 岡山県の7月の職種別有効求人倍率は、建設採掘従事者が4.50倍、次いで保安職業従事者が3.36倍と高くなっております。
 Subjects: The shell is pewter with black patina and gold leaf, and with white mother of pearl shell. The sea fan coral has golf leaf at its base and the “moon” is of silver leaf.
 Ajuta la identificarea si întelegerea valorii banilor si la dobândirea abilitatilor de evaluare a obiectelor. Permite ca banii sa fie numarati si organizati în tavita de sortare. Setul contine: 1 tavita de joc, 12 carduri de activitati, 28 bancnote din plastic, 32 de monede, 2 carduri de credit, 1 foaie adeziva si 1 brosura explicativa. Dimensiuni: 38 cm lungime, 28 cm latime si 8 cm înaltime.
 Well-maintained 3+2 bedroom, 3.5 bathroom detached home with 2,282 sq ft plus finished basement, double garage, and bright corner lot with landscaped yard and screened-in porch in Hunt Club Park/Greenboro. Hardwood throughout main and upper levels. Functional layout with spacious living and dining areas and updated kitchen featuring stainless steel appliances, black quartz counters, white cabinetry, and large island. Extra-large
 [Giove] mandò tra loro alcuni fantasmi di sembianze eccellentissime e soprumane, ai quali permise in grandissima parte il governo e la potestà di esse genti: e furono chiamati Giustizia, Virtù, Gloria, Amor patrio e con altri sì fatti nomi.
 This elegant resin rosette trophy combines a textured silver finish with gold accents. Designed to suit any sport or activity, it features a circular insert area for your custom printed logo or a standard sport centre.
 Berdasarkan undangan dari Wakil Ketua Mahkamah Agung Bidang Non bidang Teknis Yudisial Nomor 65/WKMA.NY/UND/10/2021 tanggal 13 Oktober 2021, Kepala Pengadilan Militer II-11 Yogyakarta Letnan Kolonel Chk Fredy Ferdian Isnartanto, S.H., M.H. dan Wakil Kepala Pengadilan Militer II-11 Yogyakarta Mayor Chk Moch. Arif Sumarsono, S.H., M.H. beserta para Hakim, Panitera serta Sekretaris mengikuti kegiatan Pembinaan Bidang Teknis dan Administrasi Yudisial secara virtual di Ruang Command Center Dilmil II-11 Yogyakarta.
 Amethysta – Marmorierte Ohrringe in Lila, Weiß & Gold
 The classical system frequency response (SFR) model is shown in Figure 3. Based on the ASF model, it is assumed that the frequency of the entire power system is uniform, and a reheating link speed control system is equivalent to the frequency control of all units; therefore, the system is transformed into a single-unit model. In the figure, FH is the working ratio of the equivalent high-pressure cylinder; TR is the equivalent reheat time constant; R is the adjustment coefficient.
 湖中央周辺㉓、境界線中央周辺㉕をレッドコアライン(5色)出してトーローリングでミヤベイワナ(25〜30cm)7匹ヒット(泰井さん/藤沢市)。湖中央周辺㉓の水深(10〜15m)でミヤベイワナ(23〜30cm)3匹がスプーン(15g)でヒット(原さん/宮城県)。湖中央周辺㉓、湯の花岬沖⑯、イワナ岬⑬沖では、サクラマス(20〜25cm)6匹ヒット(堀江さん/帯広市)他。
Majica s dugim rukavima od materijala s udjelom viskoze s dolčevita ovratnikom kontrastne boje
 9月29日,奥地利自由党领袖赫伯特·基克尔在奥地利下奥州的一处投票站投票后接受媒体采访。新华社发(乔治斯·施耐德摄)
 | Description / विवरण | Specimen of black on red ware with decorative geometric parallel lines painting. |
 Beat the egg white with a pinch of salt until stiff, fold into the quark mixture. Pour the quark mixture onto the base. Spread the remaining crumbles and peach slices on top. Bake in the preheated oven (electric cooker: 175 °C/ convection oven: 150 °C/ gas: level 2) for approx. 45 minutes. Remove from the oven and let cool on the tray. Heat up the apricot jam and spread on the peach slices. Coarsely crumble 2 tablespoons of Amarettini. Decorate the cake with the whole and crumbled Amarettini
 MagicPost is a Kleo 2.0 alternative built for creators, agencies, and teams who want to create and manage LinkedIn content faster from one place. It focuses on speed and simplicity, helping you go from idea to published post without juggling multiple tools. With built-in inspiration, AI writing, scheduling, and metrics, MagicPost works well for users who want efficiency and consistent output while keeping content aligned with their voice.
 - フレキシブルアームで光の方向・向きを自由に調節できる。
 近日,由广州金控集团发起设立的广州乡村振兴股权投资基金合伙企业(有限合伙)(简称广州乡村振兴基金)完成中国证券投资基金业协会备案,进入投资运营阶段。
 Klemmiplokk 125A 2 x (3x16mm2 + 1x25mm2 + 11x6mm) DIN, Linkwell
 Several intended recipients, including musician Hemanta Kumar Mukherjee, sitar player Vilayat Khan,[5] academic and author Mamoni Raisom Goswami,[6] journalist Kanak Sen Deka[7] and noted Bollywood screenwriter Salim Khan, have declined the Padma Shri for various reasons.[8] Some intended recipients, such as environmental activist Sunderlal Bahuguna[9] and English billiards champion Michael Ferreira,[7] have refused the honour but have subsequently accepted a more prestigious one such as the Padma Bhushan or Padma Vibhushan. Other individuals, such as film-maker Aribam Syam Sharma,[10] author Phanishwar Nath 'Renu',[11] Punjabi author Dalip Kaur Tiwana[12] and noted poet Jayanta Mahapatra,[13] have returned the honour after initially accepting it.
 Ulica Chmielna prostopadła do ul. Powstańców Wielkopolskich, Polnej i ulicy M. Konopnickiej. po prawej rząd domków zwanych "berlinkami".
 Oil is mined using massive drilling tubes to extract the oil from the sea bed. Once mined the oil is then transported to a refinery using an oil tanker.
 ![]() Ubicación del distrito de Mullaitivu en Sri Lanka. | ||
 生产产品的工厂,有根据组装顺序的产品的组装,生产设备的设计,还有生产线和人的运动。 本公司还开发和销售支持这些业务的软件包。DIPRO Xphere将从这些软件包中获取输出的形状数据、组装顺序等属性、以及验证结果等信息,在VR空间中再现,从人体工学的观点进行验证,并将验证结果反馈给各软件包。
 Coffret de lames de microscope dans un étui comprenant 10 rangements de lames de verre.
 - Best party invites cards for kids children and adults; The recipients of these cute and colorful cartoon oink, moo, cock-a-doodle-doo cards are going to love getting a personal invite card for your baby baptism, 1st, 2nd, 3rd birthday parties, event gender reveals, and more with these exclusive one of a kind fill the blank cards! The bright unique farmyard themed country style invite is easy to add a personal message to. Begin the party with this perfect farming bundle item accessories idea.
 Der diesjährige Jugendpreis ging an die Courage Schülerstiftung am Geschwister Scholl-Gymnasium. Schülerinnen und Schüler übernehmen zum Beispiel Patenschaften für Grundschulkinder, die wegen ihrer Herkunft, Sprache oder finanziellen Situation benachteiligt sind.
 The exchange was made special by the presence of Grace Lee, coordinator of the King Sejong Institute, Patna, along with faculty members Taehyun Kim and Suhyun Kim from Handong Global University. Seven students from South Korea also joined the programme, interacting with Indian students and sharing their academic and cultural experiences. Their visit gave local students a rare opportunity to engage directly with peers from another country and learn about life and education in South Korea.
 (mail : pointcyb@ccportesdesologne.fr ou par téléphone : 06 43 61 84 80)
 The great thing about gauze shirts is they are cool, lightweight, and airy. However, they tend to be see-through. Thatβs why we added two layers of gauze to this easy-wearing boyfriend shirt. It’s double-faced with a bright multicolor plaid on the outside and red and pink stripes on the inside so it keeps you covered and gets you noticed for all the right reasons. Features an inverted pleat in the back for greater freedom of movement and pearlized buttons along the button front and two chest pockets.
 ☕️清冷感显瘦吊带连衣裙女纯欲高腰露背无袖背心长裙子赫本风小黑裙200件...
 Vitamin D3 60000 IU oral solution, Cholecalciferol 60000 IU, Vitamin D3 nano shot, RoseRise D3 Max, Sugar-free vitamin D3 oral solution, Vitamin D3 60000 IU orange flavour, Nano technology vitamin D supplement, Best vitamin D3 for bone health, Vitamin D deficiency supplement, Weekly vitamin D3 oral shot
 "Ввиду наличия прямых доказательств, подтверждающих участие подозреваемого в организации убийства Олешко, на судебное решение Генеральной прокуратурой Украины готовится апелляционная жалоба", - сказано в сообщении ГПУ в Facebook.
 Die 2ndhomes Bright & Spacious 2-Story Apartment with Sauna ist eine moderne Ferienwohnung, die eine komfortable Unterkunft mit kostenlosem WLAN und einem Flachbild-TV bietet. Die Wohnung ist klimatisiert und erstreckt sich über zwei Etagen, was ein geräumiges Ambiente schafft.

• • • •

> **What the task requires**: Locate the word "silver" in the data above. Copy every line carrying it.

> **The answer**:
 Subjects: The shell is pewter with black patina and gold leaf, and with white mother of pearl shell. The sea fan coral has golf leaf at its base and the “moon” is of silver leaf.
 This elegant resin rosette trophy combines a textured silver finish with gold accents. Designed to suit any sport or activity, it features a circular insert area for your custom printed logo or a standard sport centre.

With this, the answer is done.